| HN Mirror

Y	Hacker News new \| ask \| show \| jobs

by cheddar 1429 days ago

I apparently wrote a novel that HackerNews claims is too long, so let me try to break it up into parts. Hopefully HN doesn't hate me for it...

As the guy who wrote the first lines of code in Druid, I can venture a description of the limitations as I tend to see them. Of course, all systems have limitations, they are built for a purpose. The purpose that Druid was built for was to power an analytics-oriented product. What's a data-oriented product and why am I starting to talk all meta when you are asking for very specific technical limitations? Because understanding the meta leads to a much stronger understanding of fit and purpose than talking about a specific technical blahty-blah.

So, an analytics-oriented product is a product that renders a screen for an end-user based on some data/analytics. The very first one of these that we powered was a Digital Advertising focused dashboard that provided visibility into impressions, clicks, conversions and revenue across marketplaces. Other examples are things like metering and billing that show usage and costs attributed all the way down to an individual request level. Yet other examples are product recommendations based on purchasing behaviors, or fraud analysis based on recent purchase history, or observability style use cases viewing the flow of events through a system.

The thing that all of these have in common is that they are products that tend to be: 1) Multi-tenant 2) Follow a similar general "pattern" of queries, with highly variable boolean filtering criteria and a consistent need to view the same data across a wide array of different dimensions 3) Have an SLA defined for the product experience that determines a budget for how fast queries must run

1 comments

cheddar 1429 days ago

Talking about each of these a bit more.

Multi-tenant: the data sources that we deal with often have a field in them that describes the end-customer tenant. Often there are other fields that describe sub-teams inside of those tenants. There are often even multiple different ways to describe tenancy off of the same data. For example, in the ad tech world, there are publishers (the websites and mobile apps that show you ads) and there are advertisers (the people who want to run the ad) and there are marketplaces (the people who run the auctions) and there are an umpteenth level of intermediaries between each of these sub-divisions. When you want to understand what's going on in a marketplace, you want to be able to cut and aggregate the data across any and all of these different axes at the same time.

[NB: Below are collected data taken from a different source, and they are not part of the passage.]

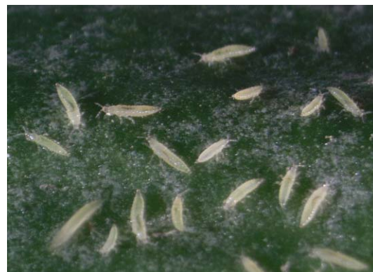
Fig. 1. First and second instar WFT larvae on a cucumber, about 0.5-1 mm in length.

Female WFT lay eggs into flowers and foliage and hatch in about 2-4 days at optimal temperatures of 25-30°C 1 . There are two larval instars which take about 8-10 days, depending upon the temperature and host plant. Late 2 nd instar larvae either pupate on plants, generally in small crevices, or in the soil. The proportion of thrips that pupate in the soil or on plants is directly influenced by humidity; 80% RH or less causes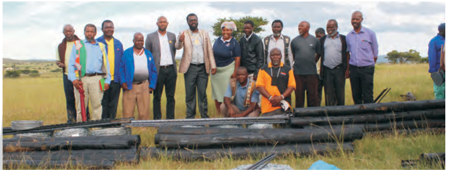
izincingo kanye nezinto zokubuya izinkambi okunikelwe kwa ward 10 u Sodolobha ehamba namakhansela.

ukuthuthukisa abantu kuwumsebenzi okumele wenziwe ngokubambisana phakathi komphakathi, uhulumeni kanye nomkhandlu.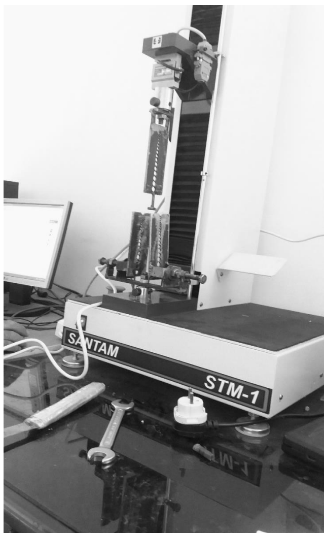
Fig. 2. Measuring bending resistance for evaluation of bending stress and modules of elasticity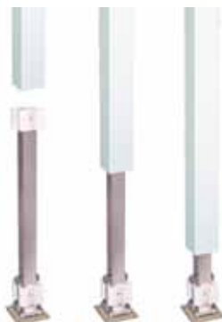
4" Post Sleeve

The Adjustable Aluminum Post Mounts used with Post Sleeves and "A" Series Newel Posts.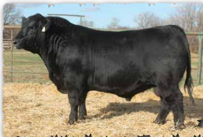
PEAK DOT ELIMINATOR 2204D - LOT 123

>Recommended for heifers or cows >Plenty of body capacity and thickness in this tank. Weaning ratio of 102. Yearling ratio of 101. >Dam is a no miss producer.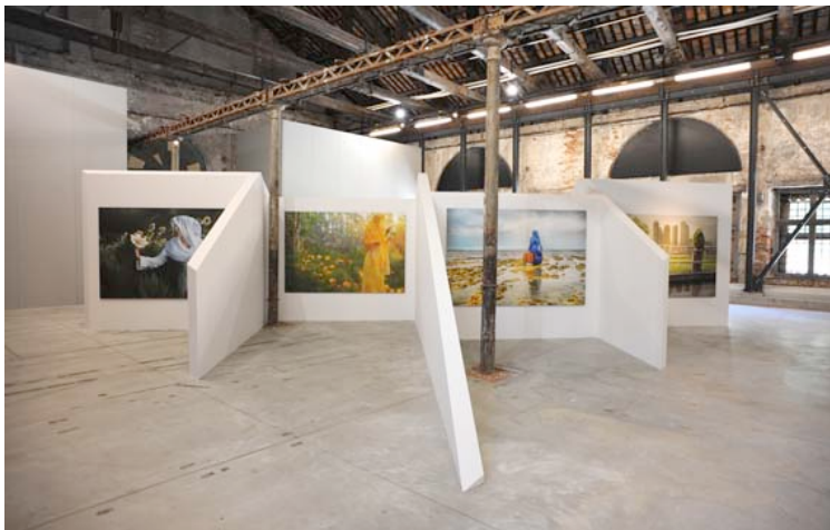
Photo: Installation photography of the UAE Pavilion at the Venice Biennale, 2011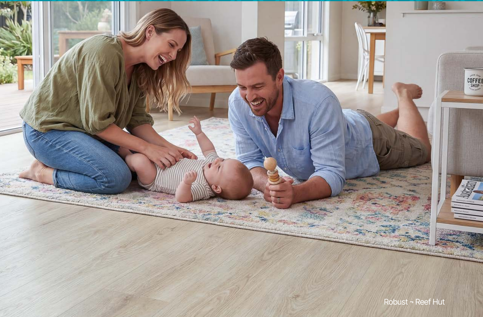
Robust - Reef Hut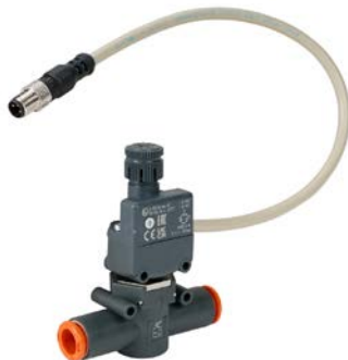
Inline Mechanical Pressure Switch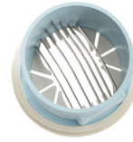
S-04B 6-Slice Blade Cup w/cover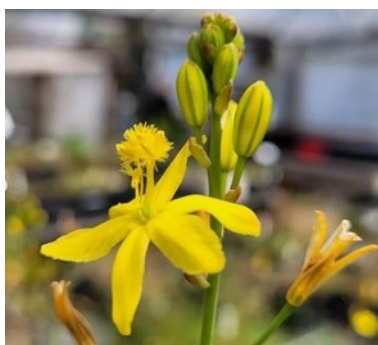
Bulbine bulbosa Bulbine Lily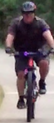
Biker on Big Creek Greenway

Zagster where you can get an app and enjoy the first three hours free then a low payment per hour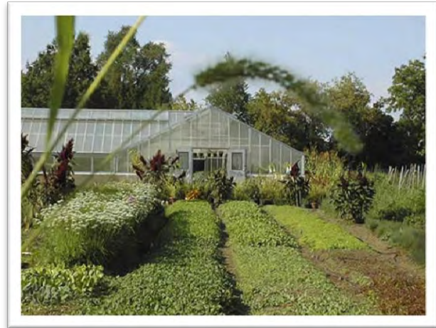
Urban Oaks Farm, New Britain, Connecticut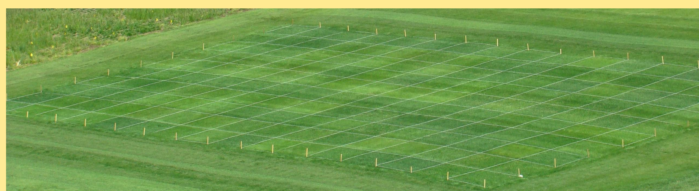
Fig. 6 Turfgrass evaluation at Pullman, WA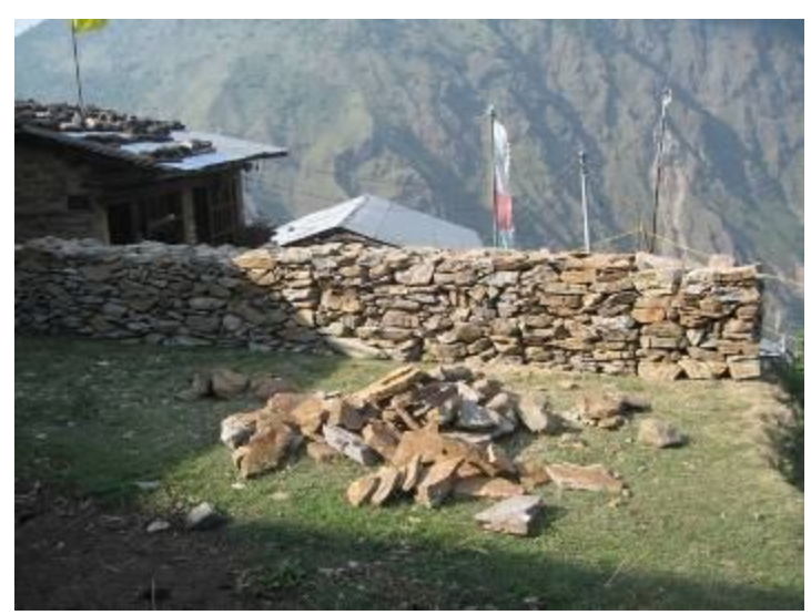
Stones for the protection wall

As soon as the work is finished and the families will provide evidence about the money, which they spent for the reparations, we will deliver the rest of the donations. The costs for reparation and material are approximately 70.000 NPR.

Query pattern: when you define a product based on data, that product is generally not going to suddenly wake up tomorrow and do a brand new query you've never seen or heard of before. You have to actually add code to your product to make it do that query. The things that will happen brand new tomorrow is those queries that have been pre-defined will get new filters added to them (new values will always be showing up, new tenants, new stuff). Additionally, one set of users of your product might be looking at usage by tenant, another one might be looking at usage by team and yet another one might be looking at usage by geo region, this means that the dimensions looked at will differ. This is what I mean when I say that the shape is the same, but boolean logic and dimensions looked at changes.

Having an SLA is also important for any product experience. When you are painting a UI for someone, they just want the UI painted inside of their expectations and don't care about what it means technically to make that happen.

These 3 things are all meaningfully contrasted against, e.g. Data Warehouse style workloads. With a Data Warehouse, the primary users are the business analysts. Those business analysts tend to be looking for a SQL interface, it is their job to write SQL statements, to join those tables and dig ever deeper into the ever-deepening data warehouse or lake or whatever other metaphor people want to have. On top of Data Warehouses, there are various visualization layers that allow you to define dashboards to try to target a wider audience, but at the end of the day those run against a data warehouse and the data warehouse is fundamentally built with the persona of the data analyst in mind. This persona is generally always going to come up with an ever more complex query to answer whatever the newest flavor of the month question happens to be. As the person writes a more complex query, they are okay with it taking longer (of course, faster is always better, but for something that will be run once and never again, who cares if it takes a bit longer) and care much more that it is guaranteed to finish. I.e. they do not actually have a query SLA, highly variant query timings is totally fine and acceptable, instead they require that any query that they write must be executable.

link

cheddar 1429 days ago

So, anyway, long pre-amble, but the specific answer is: you can think of Druid's limitations as based in targeting the needs of analytics applications instead of generic data warehousing.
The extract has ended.